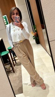 I hated to send this set back. Fit was perfect, felt trendy and classic all at the same time. You won’t regret it!
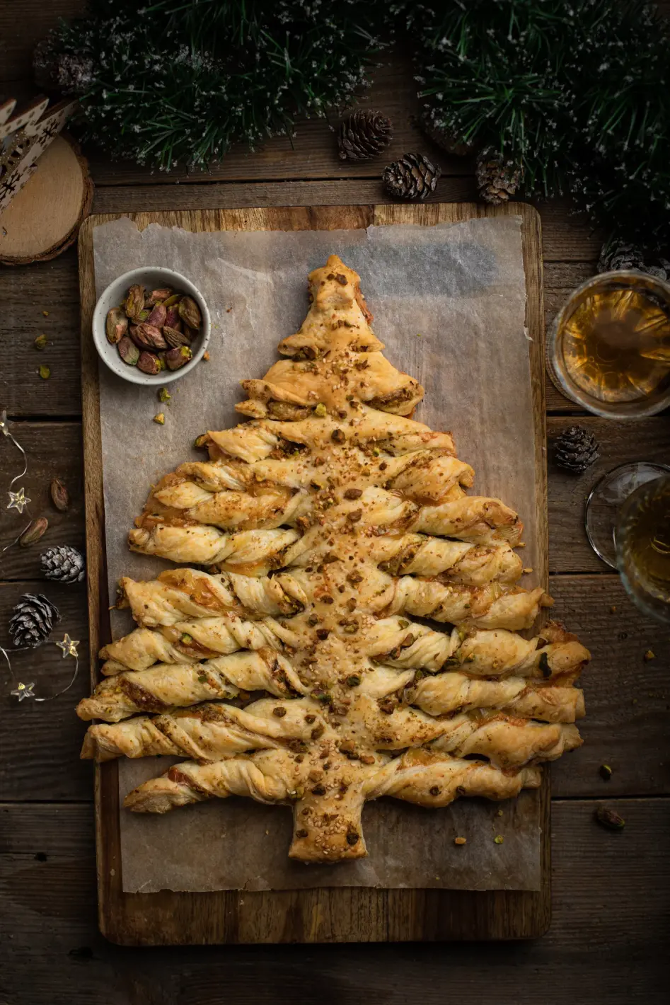 Разточете едното бутер тесто и го поставете върху тава, покрита с хартия за печене. Намажете го обилно с песто, добавете няколко шамфъстъка, предварително счукани на ситно, и покрийте с втория слой тесто. С помощта на нож изрежете тестото във форма на елха, като започнете от ствола. Оформете триъгълник и след това направете тънки ленти от всяка страна за клоните. Усучете клончетата, както е показано на снимката по-горе, намажете с жълтък и печете 20–25 минути на 200 °C. Поднесете топлото печиво с купичка кисело мляко или бърз чеснов сос с малко майонеза.
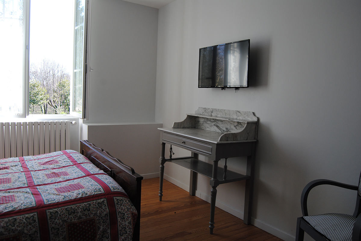Située au 1er étage de la maison, la chambre Chardon Bleu est composée d’un lit 2 places, armoire et télévision. Salle d’eau et wc. Wifi.
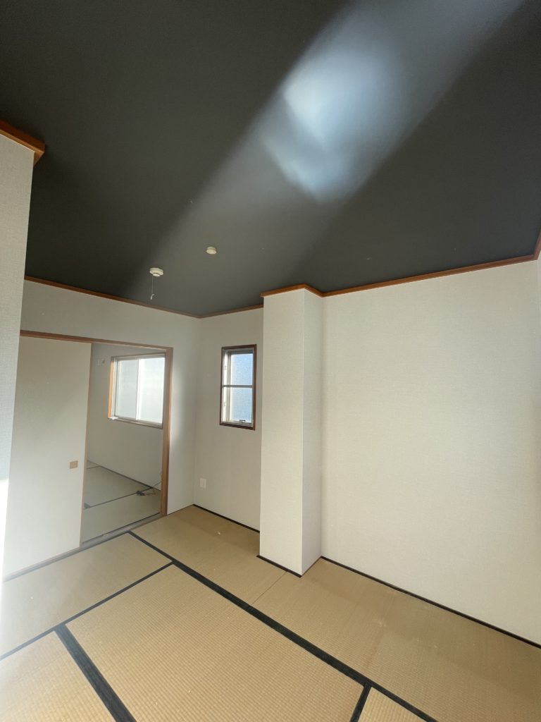 畳との相性も良く、黒の天井は和の趣を引き立てながら、現代的なモダンさも感じさせます。自然光や照明の光が柔らかく反射し、重くなりすぎず、落ち着いた空間に仕上がっています。
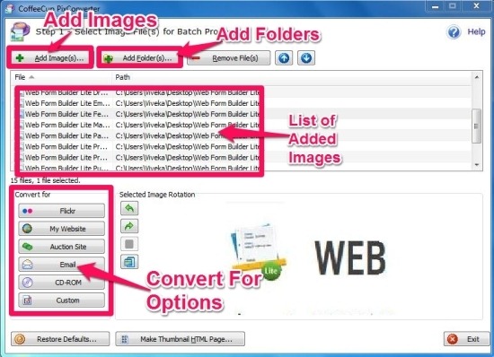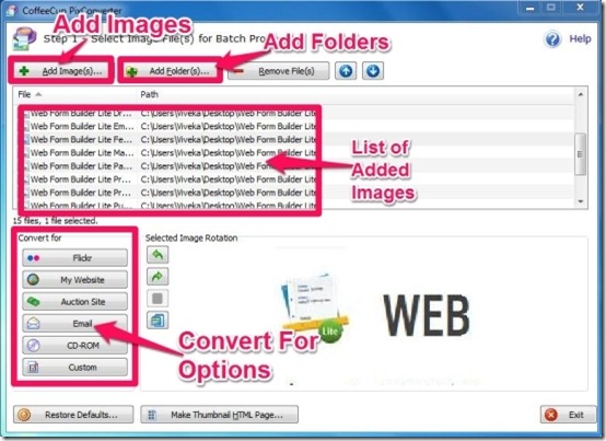 You can try other software to batch rotate images - Make Thumbnail HTML Page: This lets you create thumbnail collection of images (check the screenshot below) on a webpage. When you click on the thumbnail, it opens the image. You can use this HTML files to provide these images on your website. After adding image on CoffeeCup PixConverter, click on the “Make Thumbnail HTML Page” button. This will pop-up a new window where you can add the Title and comment for the page. You can also link this to your website’s homepage.
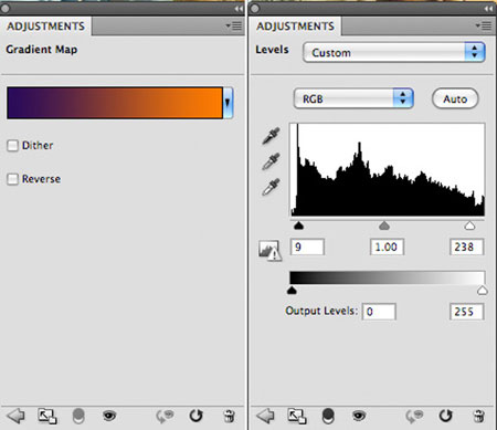 Настройки для корректирующего слоя Карта Градиента (Gradient Map):
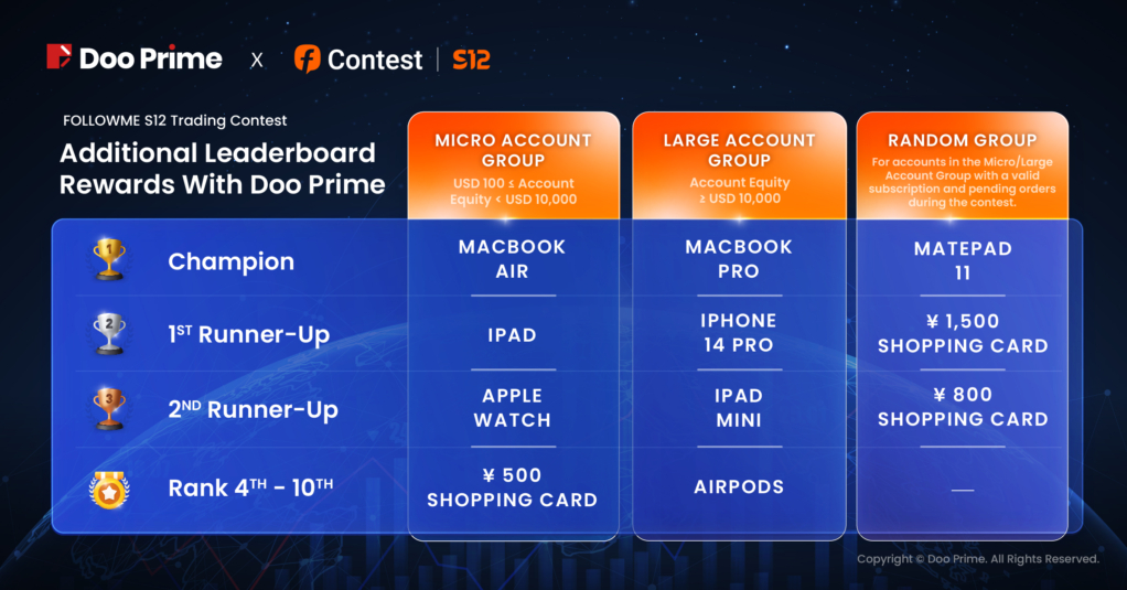 Participants of the FOLLOWME S12 Trading Contest who create a Doo Prime account for the first time through the FOLLOWME platform will not only enjoy the exclusive monthly prize pool, but also have the opportunity to win a MacBook Pro, iPhone 14 Pro, iPad mini or other popular 3C digital prizes upon registering. We look forward to working with and aiding your trading journey during and after the contest.
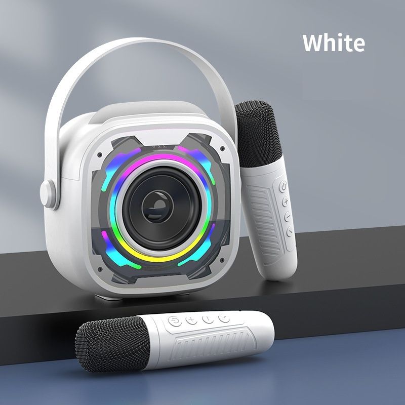 Portable Wireless Bluetooth Speaker With Microphone Integrated Karaoke Speaker V11 White Single Microphone

# # # # # # #

**EXERCISE AIM**
Give back, unaltered, each line of the listing from the first to the line that contains "畳との相性も良く、黒の天井は", leaving every picture out.

**TASK RESPONSE**
 I hated to send this set back. Fit was perfect, felt trendy and classic all at the same time. You won’t regret it!
 Разточете едното бутер тесто и го поставете върху тава, покрита с хартия за печене. Намажете го обилно с песто, добавете няколко шамфъстъка, предварително счукани на ситно, и покрийте с втория слой тесто. С помощта на нож изрежете тестото във форма на елха, като започнете от ствола. Оформете триъгълник и след това направете тънки ленти от всяка страна за клоните. Усучете клончетата, както е показано на снимката по-горе, намажете с жълтък и печете 20–25 минути на 200 °C. Поднесете топлото печиво с купичка кисело мляко или бърз чеснов сос с малко майонеза.
Située au 1er étage de la maison, la chambre Chardon Bleu est composée d’un lit 2 places, armoire et télévision. Salle d’eau et wc. Wifi.
 畳との相性も良く、黒の天井は和の趣を引き立てながら、現代的なモダンさも感じさせます。自然光や照明の光が柔らかく反射し、重くなりすぎず、落ち着いた空間に仕上がっています。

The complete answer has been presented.